Gradually the sobs subsided into hitches and hiccups, and he detached himself from the vise-like hold on my shirt. The immeasurable gratitude that shone in his brown orbs as his gaze locked with mine rendered me speechless.
Words tried to battle their way out of my throat, and I could see Kyuhyun similarly struggling for something to say. It proved fruitless, because it seemed that the only effective form of communication left to us at the moment was our eyes. After an insightful and silent conversation, I lay him back in the bed and crawled in next to him, pulling him as close as he could get.
We fell asleep to the each other’s breathing.
* * *
Kyuhyun’s POV
I woke up to the sight of Donghae hyung watching me with tender eyes and a half-smile on his face. Again. Was there no way to escape death by humiliation? He always seems to catch me at my weakest and most vulnerable moments - when I sleep and when I wake up.
As memories of my reoccurring nightmare flooded me, I realized I was once again indebted to him for the open-armed comfort he willingly showered on me last night, without which more than a few minutes of undisturbed sleep would have been impossible. The knowledge that he wouldn’t be accompanying me tonight struck a panic attack within the depths of my gut.

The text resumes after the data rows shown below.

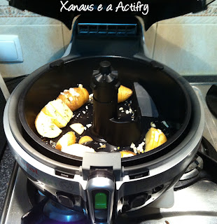Em seguida deixei o tabuleiro do peixe de fora e só com a cuba fechei a actifry e programei 35 minutos e em seguida carreguei no botão 2 em 1 e seleccionei o peixe (8 minutos que vem programado).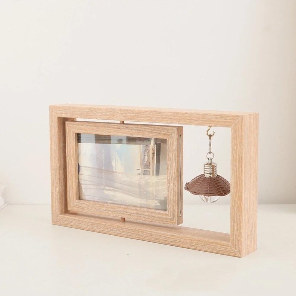 Double-Sided Wooden Picture Frame Square Rotate Commemorative Photo Frame Creative Hollow Decorative Frame Living Room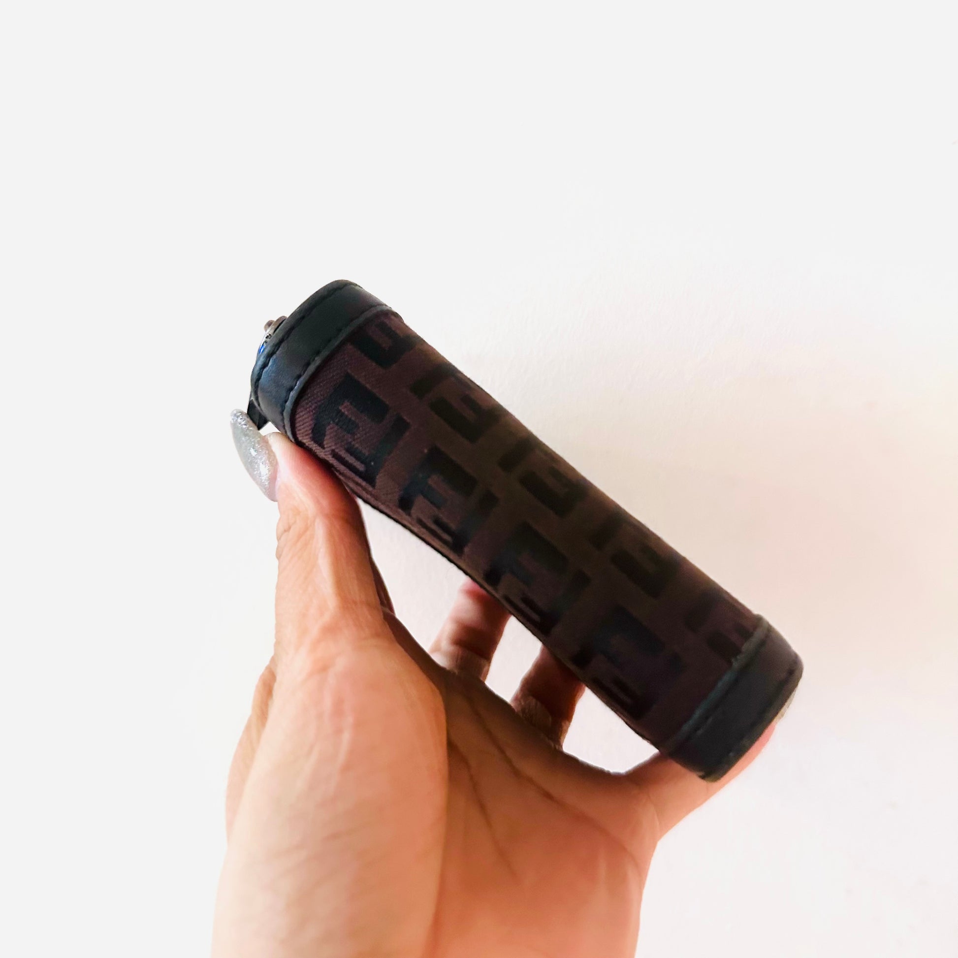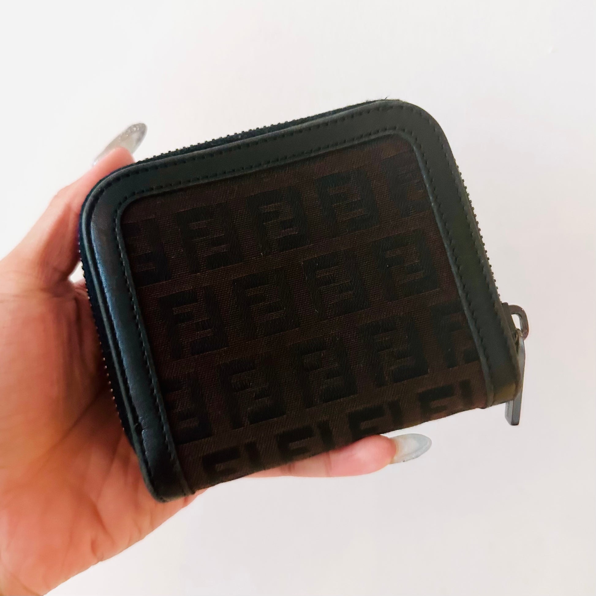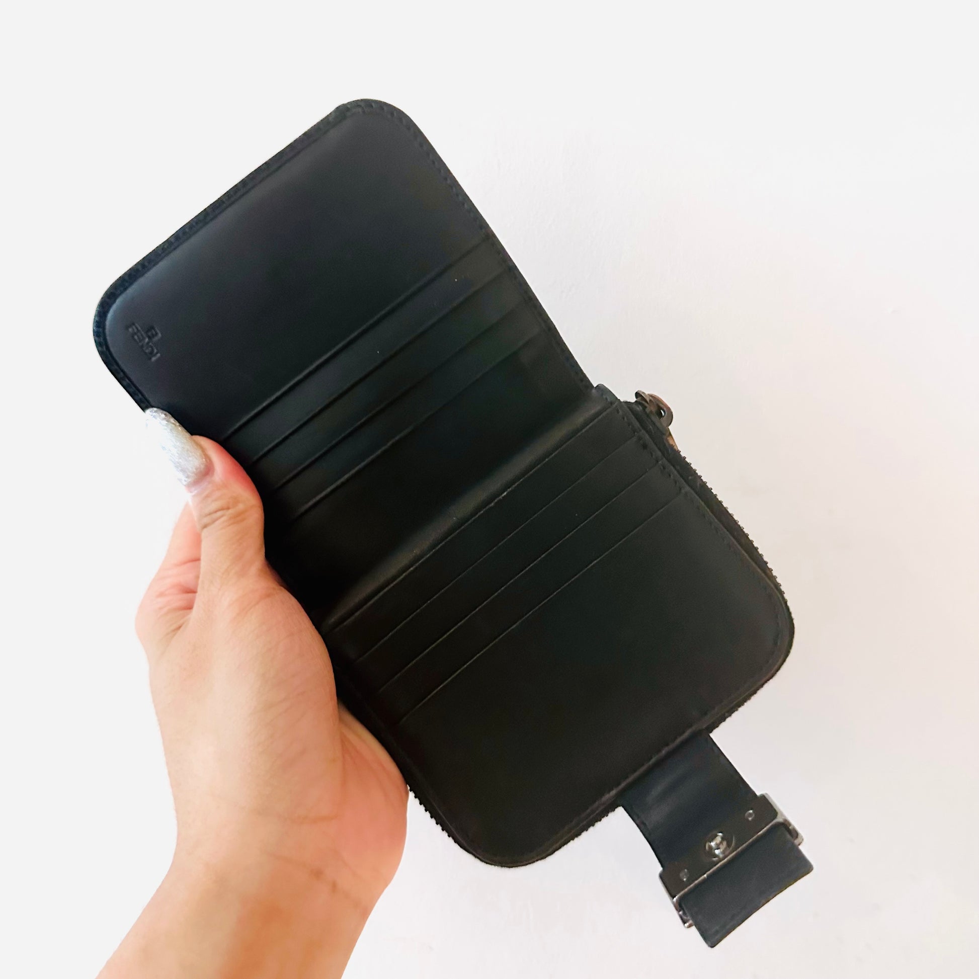 Fendi Black / Brown FF Zucchino Monogram Logo Flap Compact Bifold Wallet

I’m growing too dependent on him. How did I survive before? Was there a before?
Donghae hyung, as always, had a solution to everything, including problems that haven’t even manifested into words. “Kyuhyun-ah, I want you to sleep in my room, if you don’t mind? It’ll be cramped and we’ll probably constantly be in each other’s way, but if that’s alright, could you stay with me?”
I didn’t understand. Why would he want to be saddled with me, when I’m more than likely to wake him up every night, at least until I perfect a new form of stifling any noises I make. “I don’t think that’s a good idea, hyung. Unless you look forward to a disrupted sleep every single night for the rest of the year. You’ll regret it when you start having exams and late nights. You’re not obliged to do anything of the sort, if that’s what you’re worried about, and I don’t need your pity. I’ll manage, hyung.” I hoped I’d convinced him, because I had yet to assure myself.
Donghae hyung, however, had different ideas. “I should be clear too. You will not be getting one iota of pity - I expect you to do your share of the work and chores as an equal roommate. What I am offering you is not an obligation but friendship. Friends are always there for each other in times of need, and right now, you need me - it’s as simple as that.”
He grinned, mischief dancing in his eyes. “And I won’t be the only one making adjustments, Kyuhyun-ah. Be prepared to adapt to a lifestyle that will clash so completely with yours that you might be the one begging to move back to this room. So, let’s get your stuff moved shall we?”
With that he zipped up my still unpacked bag and walked toward the door. “You can’t exactly live in the same clothes for the rest of the year now, can you Kyuhyun?”